The story is crucially set in Cairo in 1955. Agent OSS 117 has been sent to solve the murder of his best friend (whose very name sends him into flashbacks to happier times), as well as sort out the problems of the Middle East (just as the 'Suez crisis' threatened to ignite another World War). He easily gets sidetracked by everything unimportant, even taking more time over his cover, the chicken-breeding business, than the job in hand. In the style of incompetent detectives, he still accidentally impresses his superiors.

His complete ignorance of life outside France makes him completely unsuitable as an international secret agent. His mission needs him to be knowledgeable about local customs and blend in with the mostly Muslim population. This of course highlights how little has changed with attitudes and indeed foreign policies.

The absolutely authentic look of course includes fashion and music, but with an obsessive amount of paddleball, depicted as a fad of the same popularity as skateboarding!

I'd liked to have seen more action, more fighting and maybe a car chase - all par for the genre.

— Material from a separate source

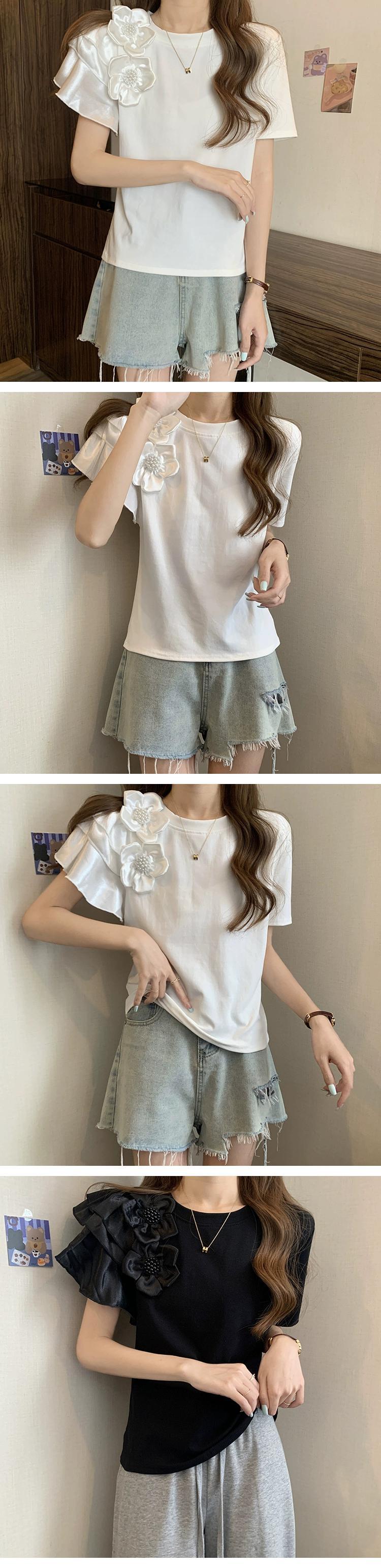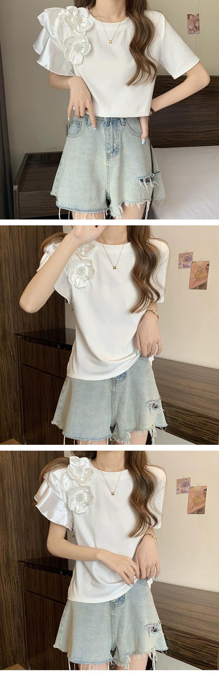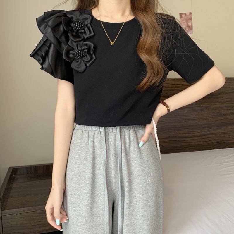 プラスサイズの婦人服 2023 脂肪姉妹夏の新ファッション年齢削減デザインの蓮の葉のエッジの薄い Tシャツトップス小さなシャツ 大きめサイズ サマー 夏物 888412593866334

But the pleasant surprise that I didn't expect was a skeleton graveyard - a beautifully creepy scene that seemed to reference the 1968 Japanese horror The Living Skeleton! Am I reaching?

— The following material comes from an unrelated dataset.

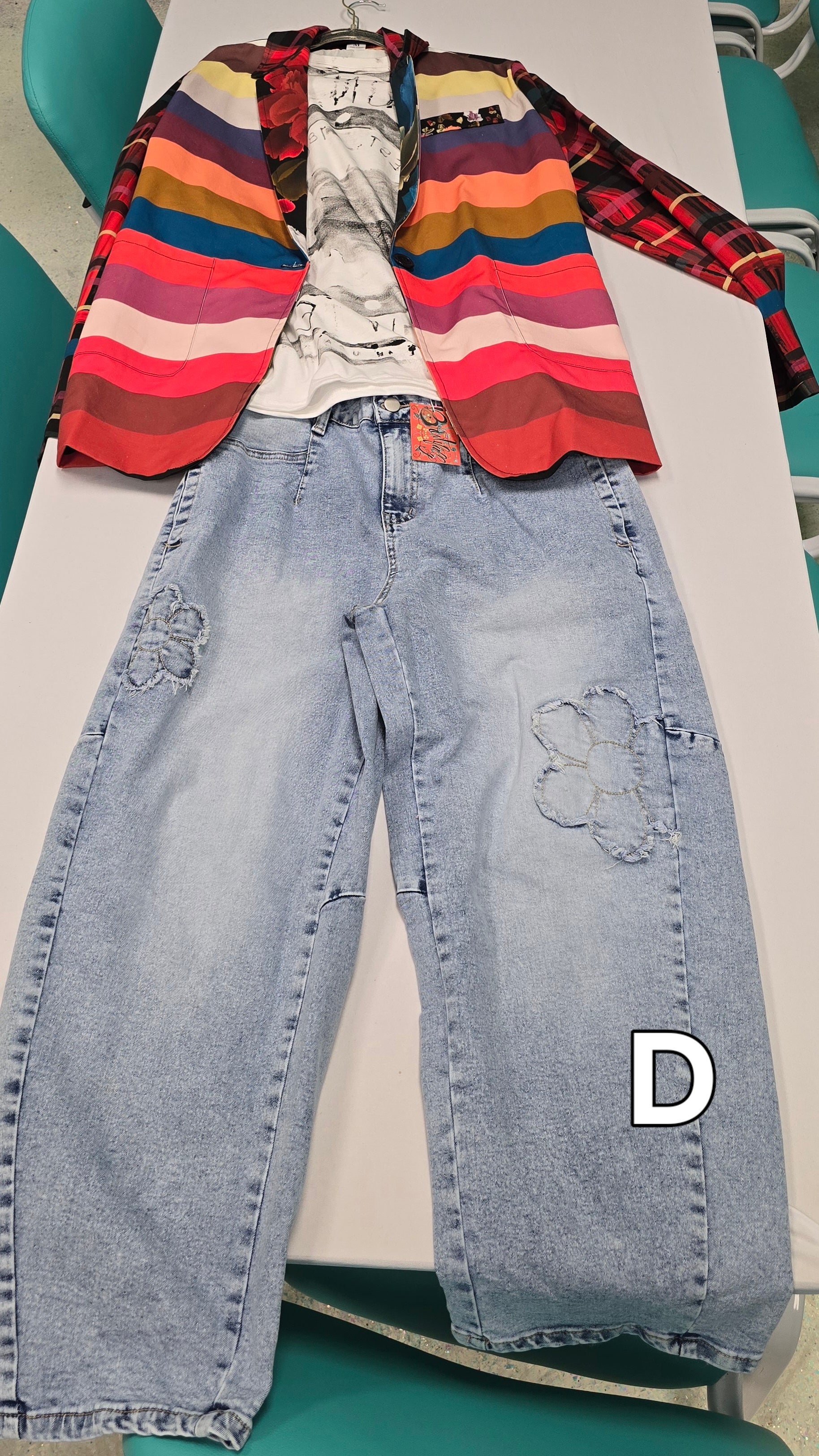 City Stripe and handpainted floral Leisure Blazer | 245GSM Cotton -multi on white base

OSS 117: Cairo, Nest of Spies, was popular enough to spawn a sequel, OSS 117: Lost In Rio (2009), with yet another in the works. The bare-bones UK DVD (from ICA) is nicely presented in 2.35 anamorphic widescreen but the English subtitles are rather large for the job. But they're the only translation - there's no dubbed Enlgish audio track.

English release trailer on YouTube...



This next trailer, for a 1964 OSS 117 movie (starring Kerwin Matthews), appears to be a direct influence on Jean-Paul Belmondo's superb spy spoof Le Magnifique (1973).

January 19, 2010

THE LITTLE GIRL WHO LIVES DOWN THE LANE (1976) - early Jodie Foster thriller


THE LITTLE GIRL WHO LIVES DOWN THE LANE
(1976, Canada/USA/France)

Martin Sheen as a very nasty man...

1976 was the year when Jodie Foster became a star! At the time, I hadn't seen Taxi Driver, but there was plenty of publicity about her controversial role. Amazingly she was still appearing in Disney films!

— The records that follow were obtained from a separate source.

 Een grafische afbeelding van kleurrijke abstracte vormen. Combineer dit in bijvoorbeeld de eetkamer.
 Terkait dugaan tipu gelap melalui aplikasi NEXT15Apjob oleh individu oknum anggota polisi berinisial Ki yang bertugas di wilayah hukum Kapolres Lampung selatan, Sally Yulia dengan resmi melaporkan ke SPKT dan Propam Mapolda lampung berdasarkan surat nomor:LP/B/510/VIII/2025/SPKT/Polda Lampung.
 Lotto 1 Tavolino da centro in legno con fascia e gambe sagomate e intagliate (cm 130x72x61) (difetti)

Bugsy Malone was a big hit in the UK. With goodtime girl Tallulah's slicked-down hair, she nearly wasn't recognisable. But her raunchy and mature attitude was fun - it certainly seemed to scare Scott Baio! Director Alan Parker's success with this children-playing-adults gangster musical led to his next project, the very different Midnight Express!

Foster had appeared in Disney productions as early as 1970, continuing after Little Girl with Freaky Friday and later Candleshoe. The original Freaky Friday was another popular hit for her in the UK, Foster being one of the few youngsters who was intelligent and rebellious enough to be 'cool', acceptable to teenagers who normally wouldn't be seen dead watching a Disney double-bill. In it she plays a tomboy with a skateboard who swaps bodies with her Mom.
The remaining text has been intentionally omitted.